SITUATION GÉOGRAPHIQUE : Petite cité de caractère située aux portes du Marais poitevin, Nieul-Sur-l’Autise, est une petite commune du sud de la Vendée, qui comptait presque 1300 habitants au dernier recensement de 2011. Le bourg se distingue par ses nombreux points d’intérêt comme le remarquable cloître de l’abbaye royale, le camp néolithique du Champ Durand, ou encore la Maison de la Meunerie et son moulin à eau construit en 1728, et toujours en activité. Nieul-sur-Autise, c’était aussi il y’a plus d’un siècle déjà, une activité laitière à travers une coopérative qui donnait du travail à ses habitants et permettait de valoriser le lait livré par ses sociétaires.
NAISSANCE D’UNE LAITERIE : C’est en 1894, que le vicomte Raymond de Bresson, du château de Denant (1), tente de convaincre des producteurs laitiers des avantages de la coopération.
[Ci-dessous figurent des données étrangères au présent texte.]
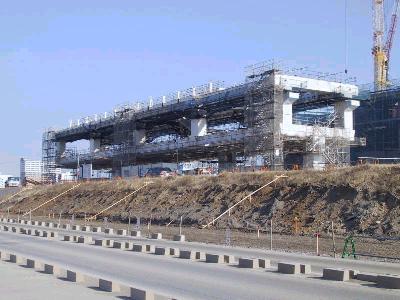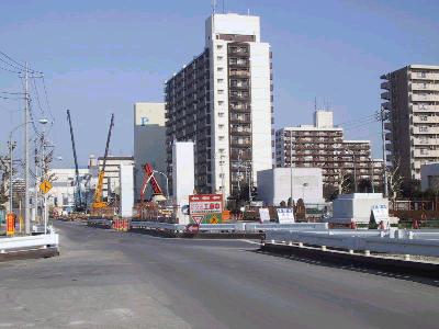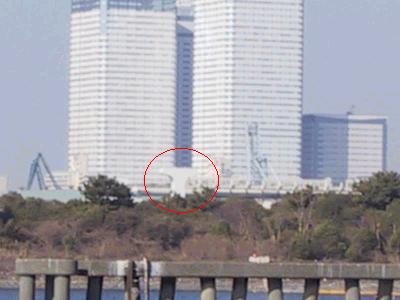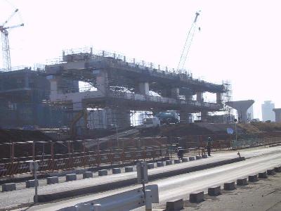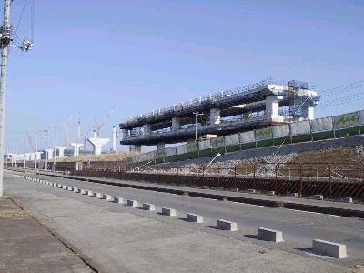 別角度から 計3本の橋脚が確認できます。一番左はまだ建設中のようです。 残念ながらこの橋脚の付近には近づくことができないので、 望遠での撮影です。 |
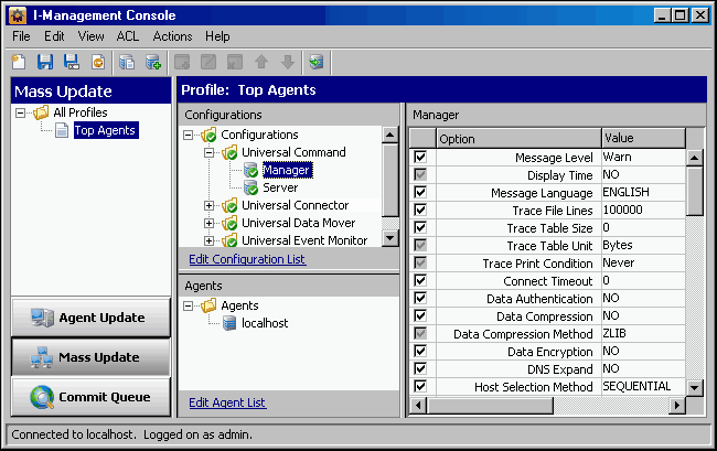 The Profile tree section of the Mass Update screen identifies all of the profiles for which the current user (resident on UEC) has configuration access.
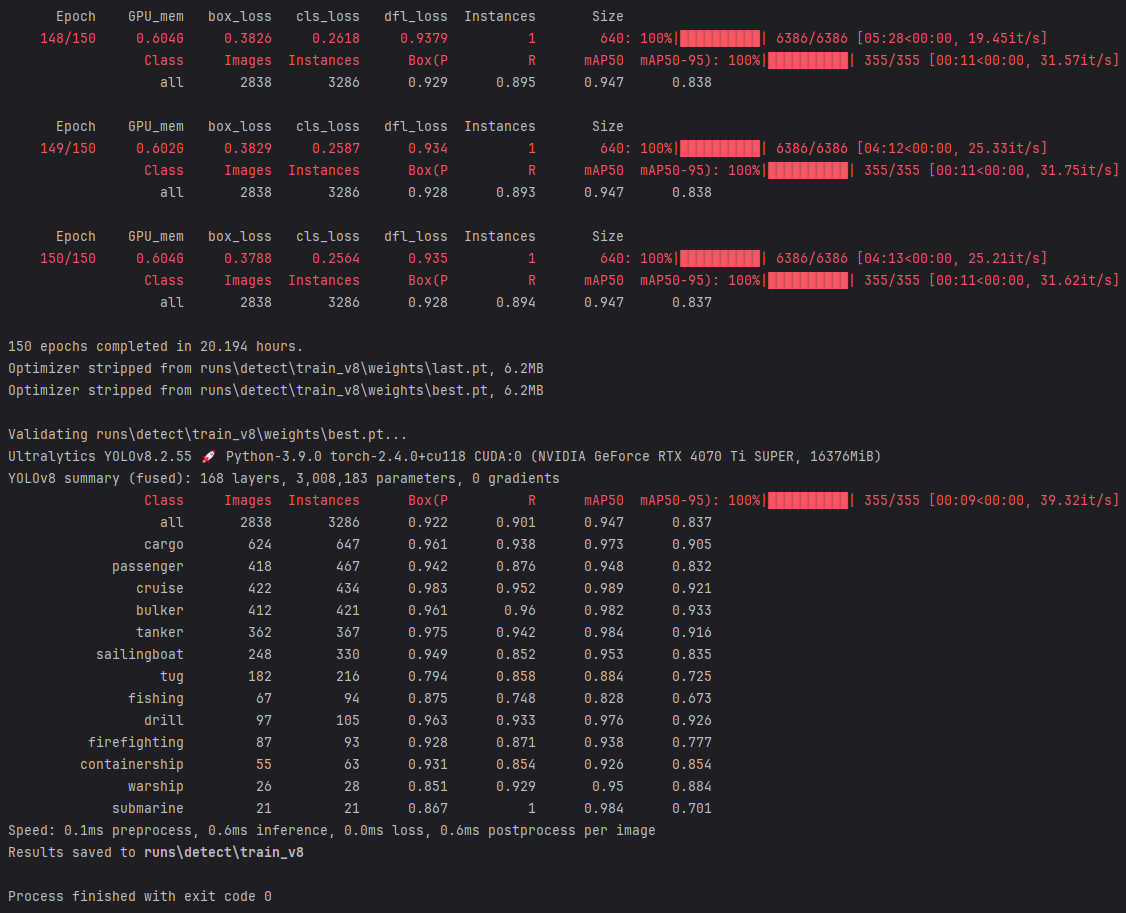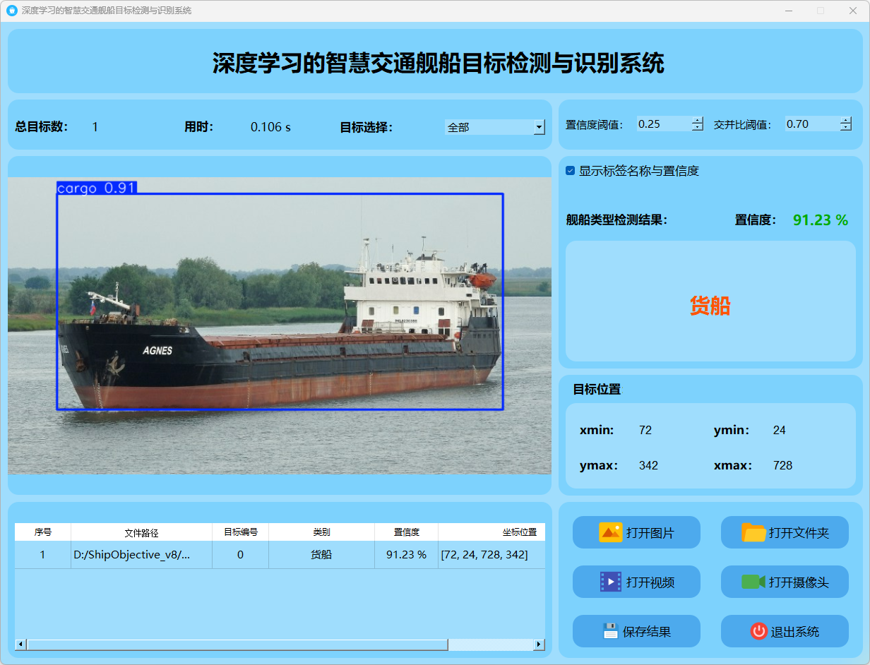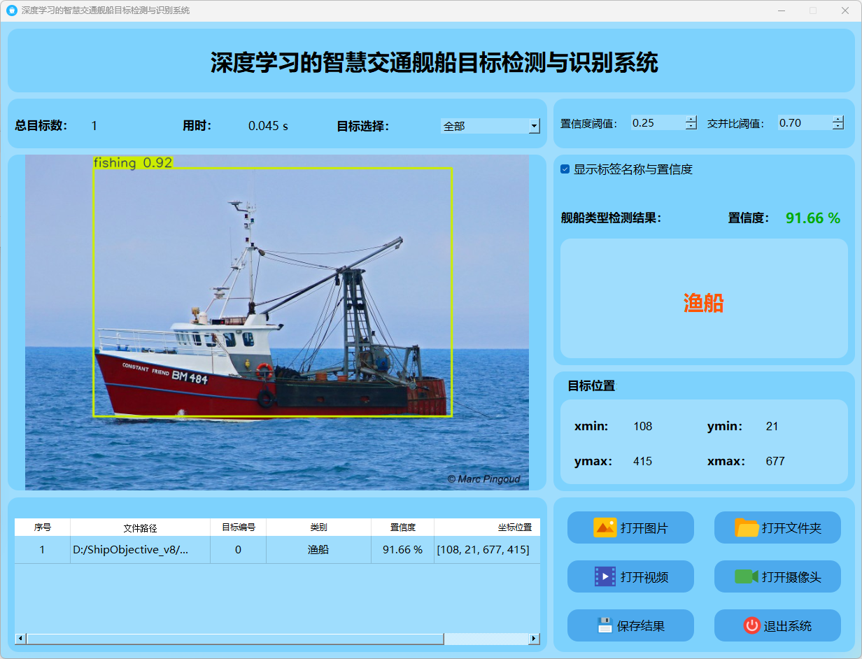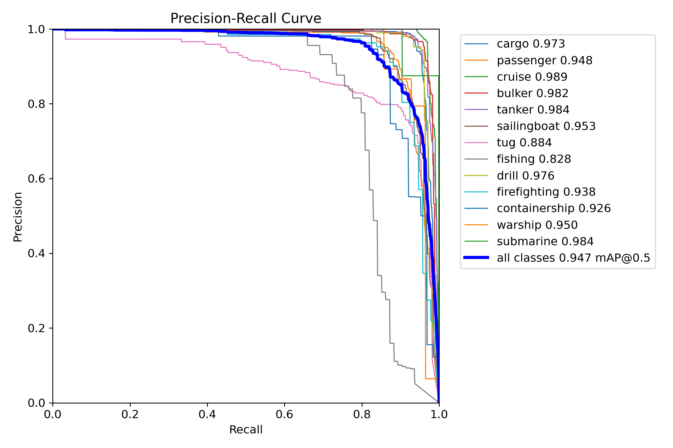 通过系统性的训练和验证,在各类舰船检测精度与召回率指标方面均实现了明显的性能进步。特别是在应对多变的天气状况、不同的光照环境以及复杂的背景设置时,YOLOv8模型展现了卓越的适应能力。该系统不仅具备处理海量数据的能力,并且能够即时生成精确的检测报告,在海洋交通管理与安全监控的实际需求中表现尤为突出

Des documents démontrent même que dès 1892-1893, le vicomte aurait fondé une association, et que lorsque l’entreprise fut lancée et s’avéra rentable, il la mit en coopérative gratuitement au profit des agriculteurs de Nieul & ses environs. Selon les cahiers de l’Association Centrale de Surgères, la Coopérative est officiellement fondée le 15 mars 1896. Ses statuts comprennent alors 12 articles étalés sur cinq pages. Elle devenait la dixième laiterie coopérative de la Vendée et la 66ème de la région Poitou-Charentes. Elle est administrée à ses débuts par un bureau composé du Président, en l’occurrence, le vicomte de Bresson, et de dix vice-présidents représentant des sections, dans les communes où le lait était collecté.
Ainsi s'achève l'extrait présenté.